Covid, i risultati sull’efficacia del vaccino italiano di Takis: le novità

La Takis e la Rottapharm hanno pubblicato i dati preclinici sull'efficacia del vaccino Covid-eVax

Il vaccino italiano ‘Covid-eVax’, sviluppato dalle aziende Takis e Rottapharm, “è molto efficiente nell’indurre anticorpi neutralizzanti” e “funziona con una rapida risposta anche contro le varianti”. È quanto emerso dai risultati preliminari di uno studio atteso al vaglio della comunità scientifica, ma pubblicato sul sito di un’importante rivista internazionale, BioRvix.

Covid, i risultati sull’efficacia del vaccino di Takis e Rottapharm: Covid-eVax

La campagna vaccinale in Italia contro il Covid-19 punta al traguardo dell’immunità di gregge per settembre, nonostante l’indicazione della Sanità di destinare AstraZeneca e J&J agli over 60 abbia complicato i piani del commissario Figliuolo. Anche se la distribuzione delle dosi delle multinazionali farmaceutiche è diventata costante, il nostro Paese paga il non poter ancora contare su una produzione nazionale.

Su questo versante qualche passo avanti è stato fatto dal preparato anti-Covid della Takis Biotech di Castel Romano e dalla Rottapharm Biotech di Monza che insieme stanno collaborando allo sviluppo del vaccino italiano Covid-eVax, il quale a differenza dei prodotti già esistenti a mRna e a vettore virale si basa su una piattaforma a Dna. Una caratteristica che lo renderebbe resistente anche ad alte temperature e permetterebbe una produzione dell’antigene prolungata nel tempo.

Covid, i risultati sull’efficacia del vaccino di Takis e Rottapharm: lo studio

Secondo i modelli preclinici ottenuti sui topi modificati, così da avere lo stesso recettore Ace umano utilizzato dal coronavirus per invadere le cellule, il vaccino sarebbe efficace sia nella prevenzione del contagio sia nella protezione contro le varianti del Sars-CoV-2.

I dati sono stati ottenuti attraverso uno studio internazionale condotto dall’Irccs San Raffaele di Milano, dalla Sackler School of Medicine dell’Università di Tel Aviv e dal National Infection Service inglese.

A partire da questi risultati è iniziata in Italia la sperimentazione clinica di fase 1 e 2 presso l’Ospedale San Gerardo di Monza con Università di Milano Bicocca, l’Istituto Nazionale Tumori IRCCS Pascale di Napoli, l’Istituto Spallanzani e Centro Ricerche Cliniche di Verona, in collaborazione con i laboratori di VisMederi a Siena.

“I dati ottenuti nel modello di topo hACE2, che ha lo stesso recettore dell’uomo e sviluppa una patologia simile, mostrano la protezione dal virus e l’assenza di sintomi respiratori ed effetti clinici dovuti all’infezione da SarsCov2”, ha spiegato Matteo Iannacone, dell’Ospedale San Raffaele di Milano e docente dell’Università Vita-Salute.

“Mai come in questo momento storico abbiamo capito quanto sia importante la ricerca scientifica per combattere la pandemia ed altre malattie.
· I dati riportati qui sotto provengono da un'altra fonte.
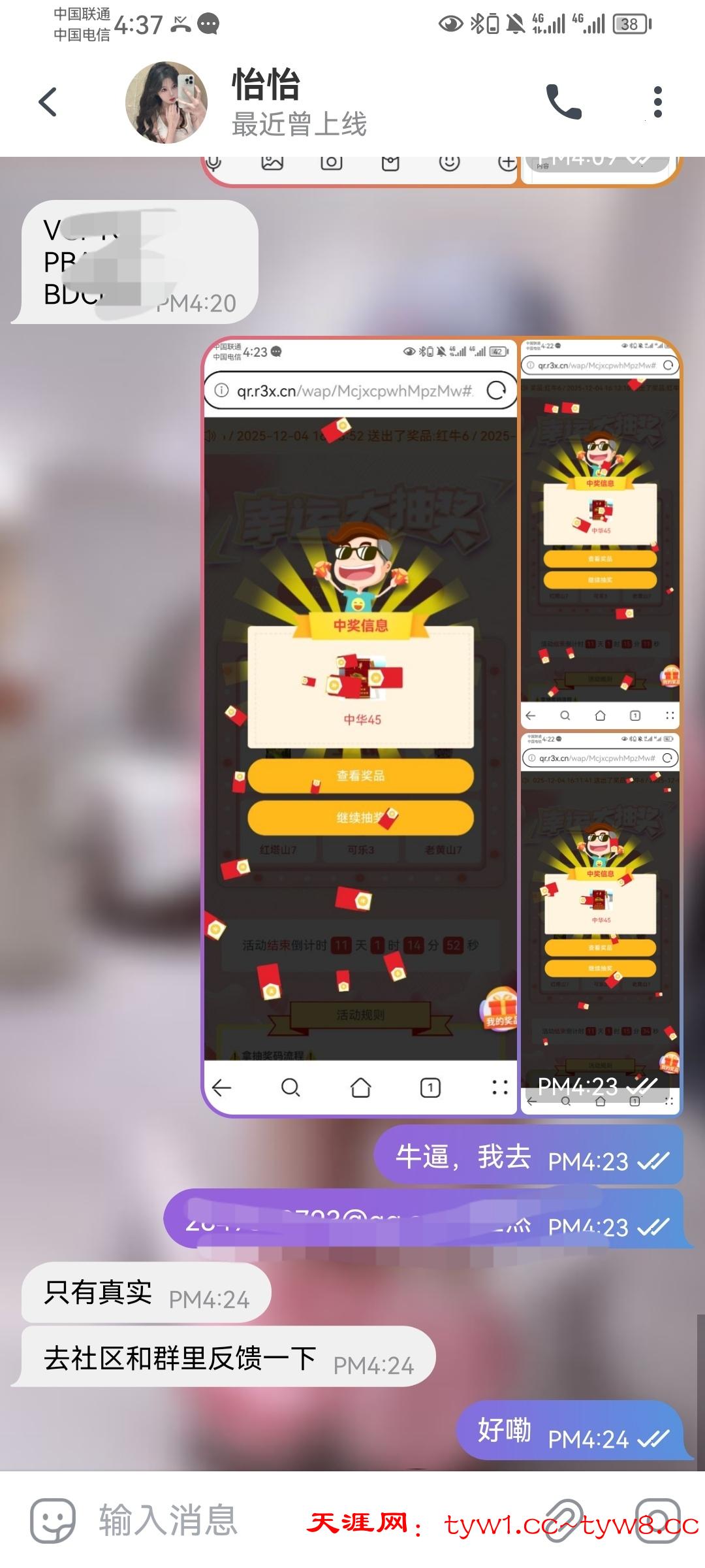 转盘抽了好多天了,之前都是牛子什么的,今天突然来个3华子,动动手指吃135,不说其他的了,天涯牛逼,支持就完了

In Italia abbiamo eccellenti scienziati con eccellenti idee e capacità che vanno opportunamente finanziate per rendere il Paese più competitivo”, ha aggiunto Iannacone.

© Italiaonline S.p.A. 2021Direzione e coordinamento di Libero Acquisition S.á r.l.P. IVA 03970540963

Covid, i risultati sull’efficacia del vaccino italiano di Takis: le ...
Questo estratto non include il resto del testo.